Mechanical and Power Steering
Turning Circle
When the front wheels turn they are not following the same path. Each wheel must follow a different circle with the inside wheel following a smaller turning radius. The steering link mechanism turns the inner wheel more than the outer wheel. There are 2 main Steering gear types: rack-and-pinion and re-circulating ball.
Manual Rack-and-pinion Steering
Rack-and-pinion gearing converts the circular motion of the Steering wheel into linear motion. Either end of the rack is connected to a front wheel by a steering arm and tie-rod linkage. As the rack moves side to side, the front wheels turn left and right via the steering arms connected to the wheel spindles. The Rack and Pinion also provides a gear reduction to make turning easier. Most cars take three or four complete turns of the steering wheel to make the wheels move from full left to full right lock.
Power Rack-and-pinion Steering
a power-steering rack system has an hydraulic cylinder attached to the rack. Hydraulic steering fluid can be pumped in or out of two fluid ports on either side of the piston. Supplying hydraulic fluid to one side under pressure forces the piston to move in the opposite direction, which in turn moves the rack thus providing power assisted steering.
Hydraulic Steering Pump
A rotary-vane pump contains a set of retractable vanes that spin inside an oval chamber. The pump receives its power from the engine using a belt and pulley system.

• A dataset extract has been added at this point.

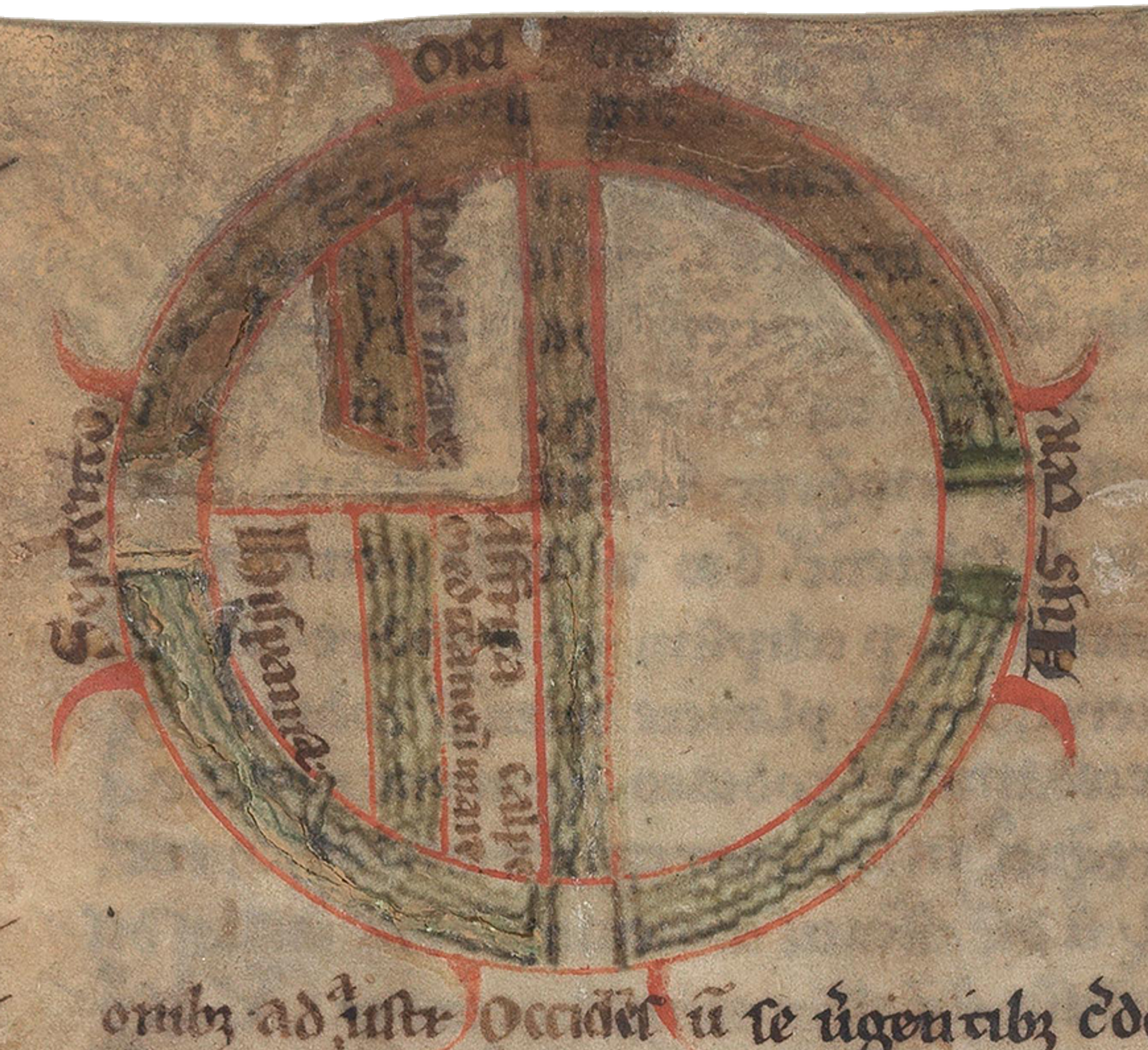Close up image of William de Conches circa 1200 manuscript T-O map

The vanes spin, pulling or sucking hydraulic fluid from the return line under low pressure and pressurise it into the outlet providing the turning force.
As the pump is connected to the engine, its flow depends on the engine speed. Since it needs to have sufficient power or flow when the engine is idling it can move vastly more fluid than needed when the engine is revving at speed.

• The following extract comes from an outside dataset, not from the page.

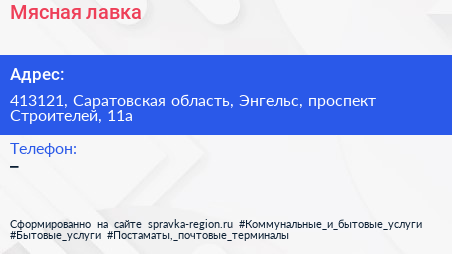 Мясная лавка по адресу 413121, Саратовская область, Энгельс, проспект Строителей, 11а в дальнейшем Организация, размещена в следующих категориях:

To compensate, the pump has a pressure-relief valve to limit the pressure at high engine speeds when excessive fluid is being pumped.
Rotary Steering Valve
A torsion bar in a rotary valve senses when torque is applied and interprets the driver's steering movements of the steering wheel to control the hydraulic power needed to assist in turning the vehicle. When driving in a straight line or when no steering force is needed the system shouldn't provide any turning force
When the steering wheel is not being turned, both hydraulic lines are in equilibrium and provide the same amount of pressure to the steering gears. As the valve senses movement and direction; the appropriate ports open up to provide high-pressure hydraulic fluid to the correct side of the piston.
Drive-Wire or Drive-By-Wire Power Steering
Rather than have the power-steering pump run constantly and wasting fuel, it's possible to use an electronically interpreted system. Turning sensors on the steering column could operate small servo-motors and provide direct power turning thus removing the usual mechanical linkages.
Recirculating-ball Steering
The Re-circulating ball steering system is mostly used on larger vehicles and contains a worm gear filled with ball bearings that move or circulate through the gear as it turns.